The gains over the last four and half decades have been substantial, but much more is said about the recent “Lost Decade.” Although it has generally been a lousy decade for most investors in the stock market, eventually the stock market follows the direction of profits. What the popular press negates to mention is that S&P 500 operating earnings have more than doubled from about $47 in 1999 to an estimated $97 in 2011. Over the same period, the price of the market has been chopped by more than half ­(i.e., the Price – Earnings multiple has been cut from 29x to 13.5x). With stocks selling at greater than -50% off from 1999, no wonder smart investors like Warren Buffett are buying America – Buffett just spent $9 billion in cash on buying Lubrizol Corp (LZ). Retail investors absolutely loved stocks in 2000 at the peak, believing there was virtually no risk.

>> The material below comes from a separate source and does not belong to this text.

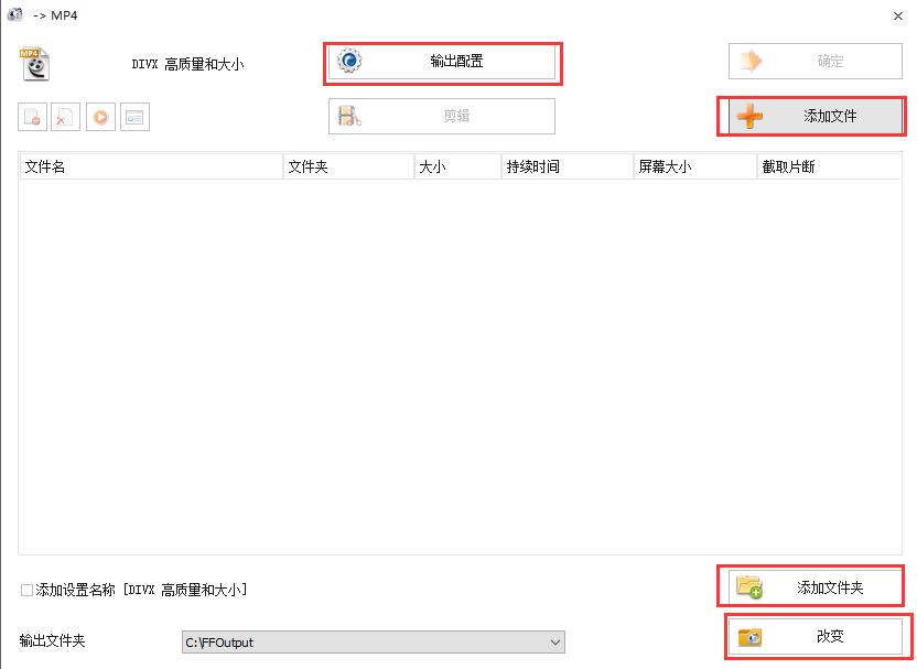 2、這里以MP4選為例,先點(diǎn)擊添加文件或者添加文件夾選項,添加需要轉(zhuǎn)換的格式文件;接著設(shè)置輸出配置選項,設(shè)置好文件的類型、大小、品質(zhì)等選項,點(diǎn)擊【改變】按鈕,選擇合適的輸出位置,設(shè)置完成后我們就可以點(diǎn)擊界面上方的確定選項,等待處理完成就可以在設(shè)置的保存位置找到所需的文件了。

Now the tables have been turned and while stock prices are trading at a -50% discount, retail investors are intensely skeptical and nervous about the prospects for stocks. Shoppers don’t usually wait for prices to go up 30% and then say, “Oh goody, prices are much higher now, so I think I will buy!” but that is what they are saying now.

I don’t want to oversell my enthusiasm, because the deals were dramatically better in March of 2009. Hindsight is 20-20, but at the nadir of the stock market, stock prices traded at bargain basement levels of 7x times 2011 earnings. We may not see opportunities like that again in our lifetime, so sitting in cash may not be the most advisable positioning.

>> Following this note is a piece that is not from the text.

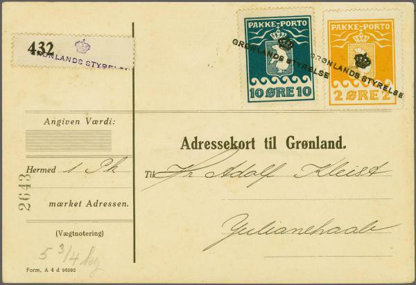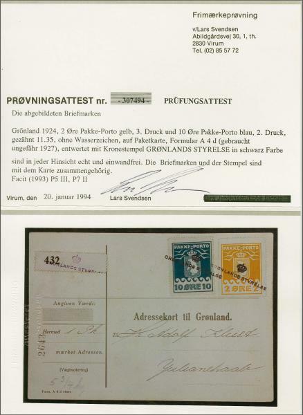 | Zusatzinformationen und Suchstichworte: | 309. - 320. Corinphila Auktion 24. November - 2. Dezember 2023 Los 1695 Dänemark Königliches Grönländisches Handelskontor 1927: 2 öre 3rd printing and 10 öre 2nd printing on parcel card, GF 09. Cancelled by black cachet with crown "GRÖNLANDS STYRELSE" (GF 15.02). Unknown vessel and departure from Copenhagen to Julianehaab. Excellent quality. Cert. Lars Svendsen Ausruf 200,00 CHF |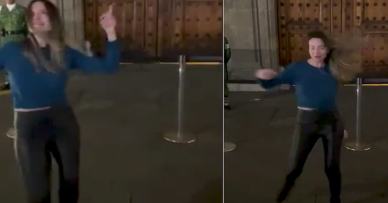 Mujer baila al ritmo del éxito pop “Tusa” frente al Palacio Nacional

Although I would argue every investor should have some exposure to equities, an investor’s time horizon, objectives, constraints and risk tolerance should be the key determinants of whether your investment portfolio should have 5% equity exposure or 95% exposure.

So while the economic and political dominoes may appear to be tumbling based on the news du jour, don’t let the headlines and the so-called media pundits scare you into paralysis. Bad news and tragedy will continue, but fortunately when it comes to prosperity, history is on our side. As you attempt to organize and pickup the financial pieces of the last few years, make sure you have a disciplined, long-term investment plan that adapts to changing market and personal conditions.

Wade W. Slome, CFA, CFP® 

Plan. Invest. Prosper. 

www.Sidoxia.com

DISCLOSURE: Sidoxia Capital Management (SCM) and some of its clients own certain exchange traded funds, but at the time of publishing SCM had no direct position in LZ, Facebook, Twitter, LinkedIn, BRKA/B, or any other security referenced in this article. No information accessed through the Investing Caffeine (IC) website constitutes investment, financial, legal, tax or other advice nor is to be relied on in making an investment or other decision. Please read disclosure language on IC “Contact” page.